Task details: For the listing that follows, give again exactly the lines from the one with "1. PPA(deadsnakes) 등록하여 최신 버전의 파이썬를 설치하는 방법" to the one with "Salon d’Honneur (jusqu’à", including both.

Supplied data:
- - -

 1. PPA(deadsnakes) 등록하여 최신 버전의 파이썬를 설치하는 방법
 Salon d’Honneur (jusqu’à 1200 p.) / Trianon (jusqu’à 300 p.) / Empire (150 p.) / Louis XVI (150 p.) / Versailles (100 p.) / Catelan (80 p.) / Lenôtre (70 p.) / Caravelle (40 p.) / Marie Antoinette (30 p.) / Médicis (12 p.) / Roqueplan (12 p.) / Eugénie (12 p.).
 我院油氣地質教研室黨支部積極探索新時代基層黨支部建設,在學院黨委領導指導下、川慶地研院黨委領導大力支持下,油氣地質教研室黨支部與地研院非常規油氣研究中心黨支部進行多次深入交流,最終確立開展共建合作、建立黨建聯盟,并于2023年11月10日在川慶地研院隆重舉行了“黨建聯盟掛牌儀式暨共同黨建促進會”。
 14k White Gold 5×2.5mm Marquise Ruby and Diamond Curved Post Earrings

- - -

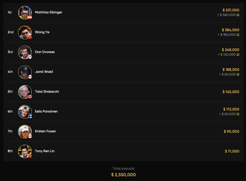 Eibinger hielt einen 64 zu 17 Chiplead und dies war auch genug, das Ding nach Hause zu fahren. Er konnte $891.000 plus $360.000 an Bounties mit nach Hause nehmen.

- - -

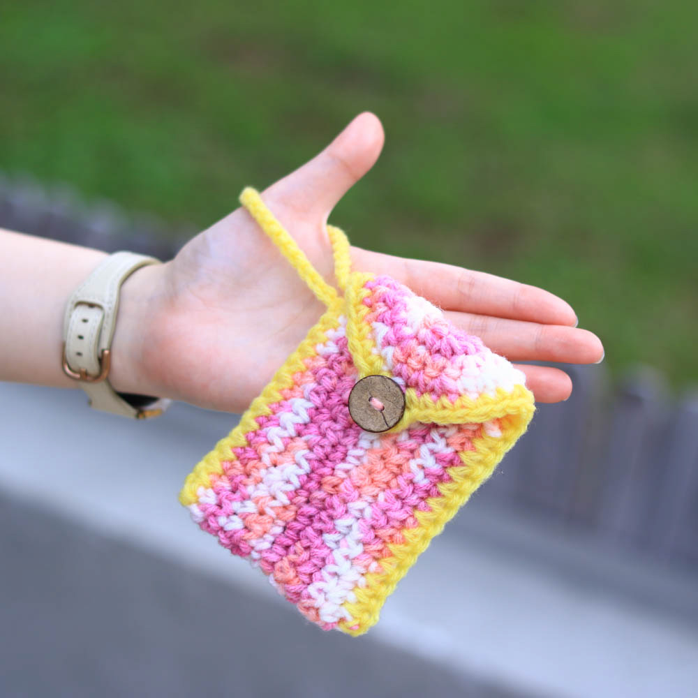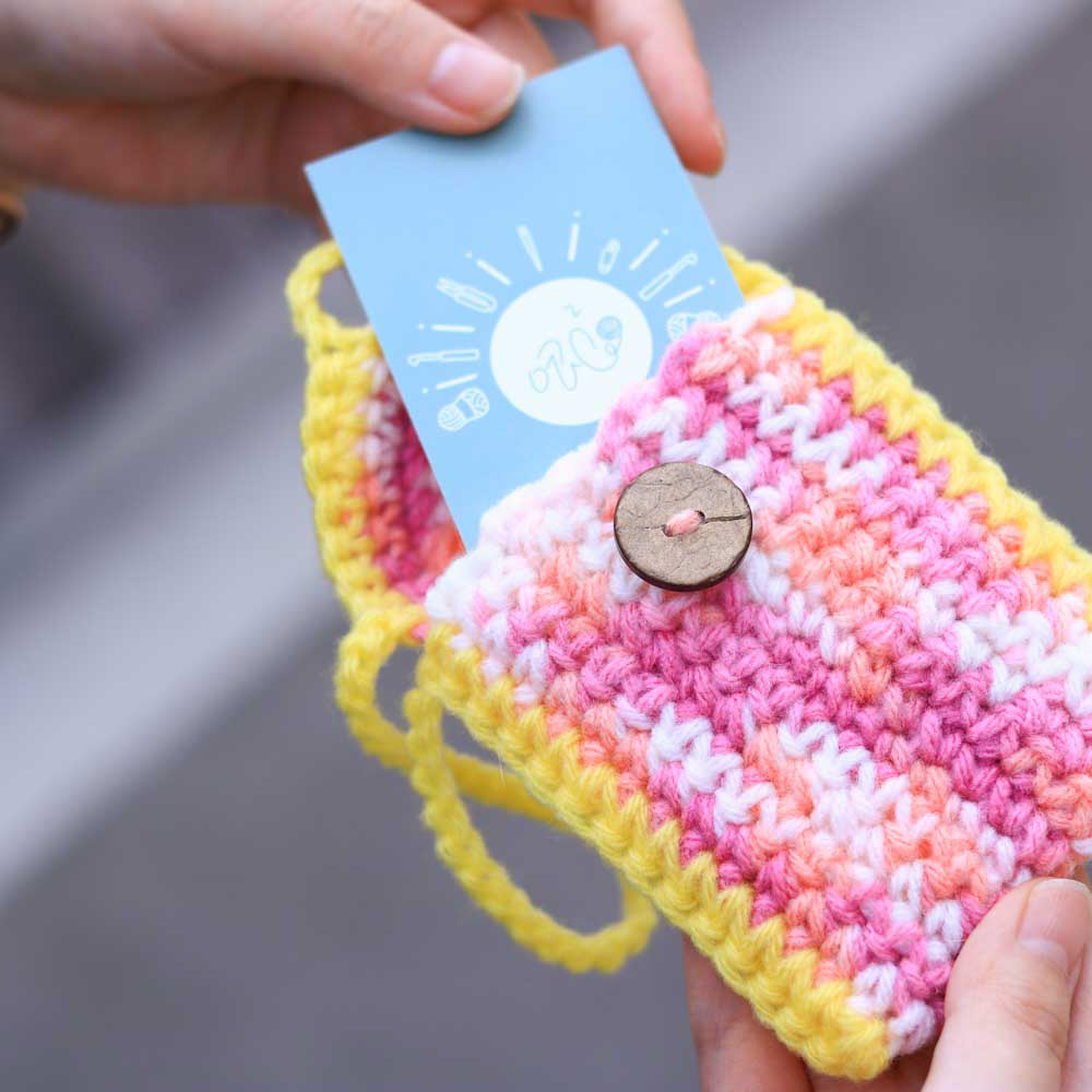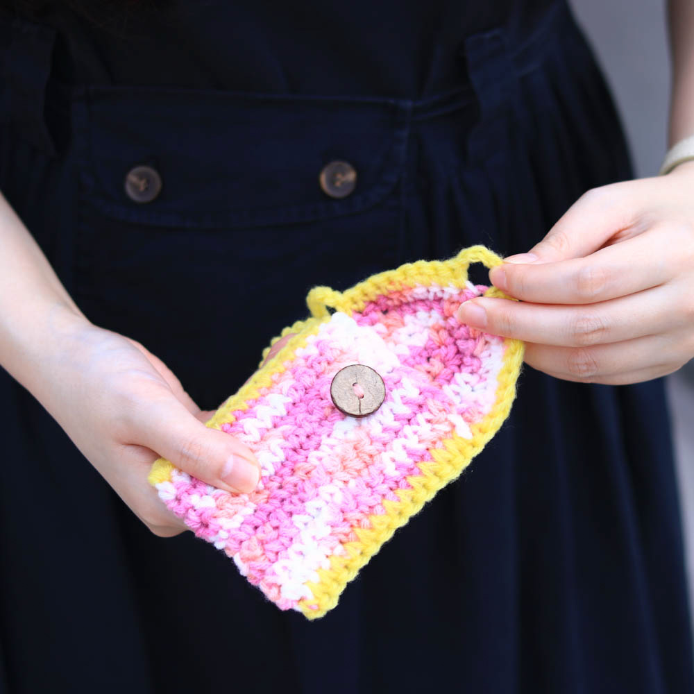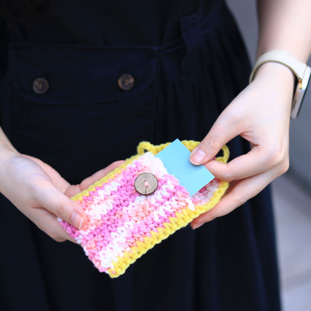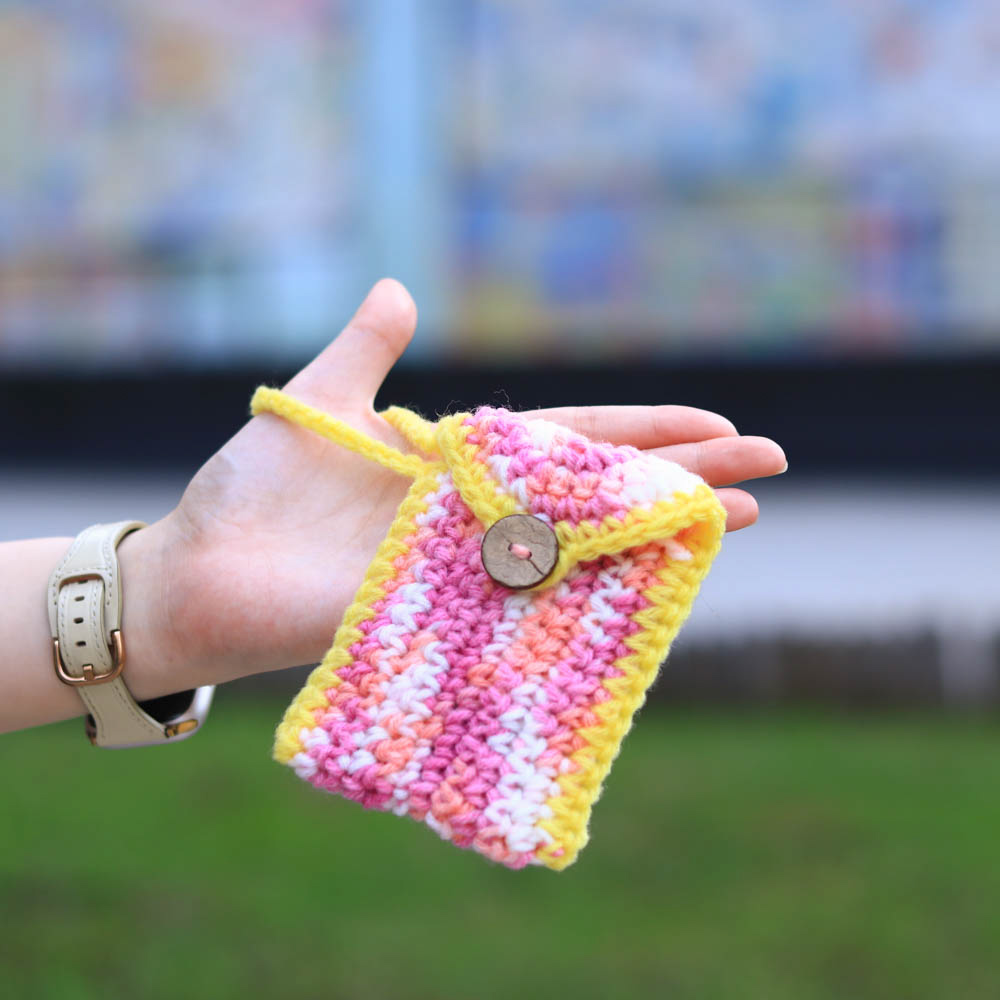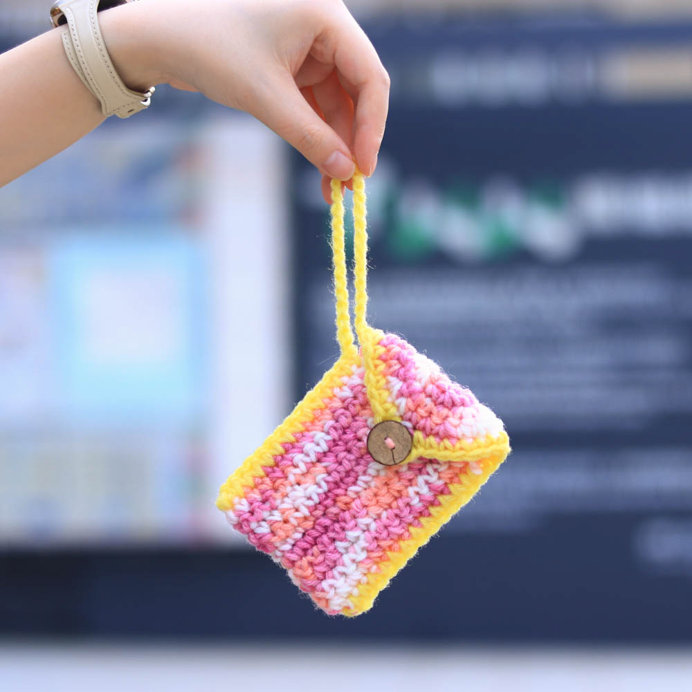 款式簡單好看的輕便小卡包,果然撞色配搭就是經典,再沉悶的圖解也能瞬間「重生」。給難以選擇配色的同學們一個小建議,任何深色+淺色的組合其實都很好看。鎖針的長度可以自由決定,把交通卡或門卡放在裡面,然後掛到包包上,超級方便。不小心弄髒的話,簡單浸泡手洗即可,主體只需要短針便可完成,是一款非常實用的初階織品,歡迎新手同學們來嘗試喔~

- - -

Your solution:
 1. PPA(deadsnakes) 등록하여 최신 버전의 파이썬를 설치하는 방법
 Salon d’Honneur (jusqu’à 1200 p.) / Trianon (jusqu’à 300 p.) / Empire (150 p.) / Louis XVI (150 p.) / Versailles (100 p.) / Catelan (80 p.) / Lenôtre (70 p.) / Caravelle (40 p.) / Marie Antoinette (30 p.) / Médicis (12 p.) / Roqueplan (12 p.) / Eugénie (12 p.).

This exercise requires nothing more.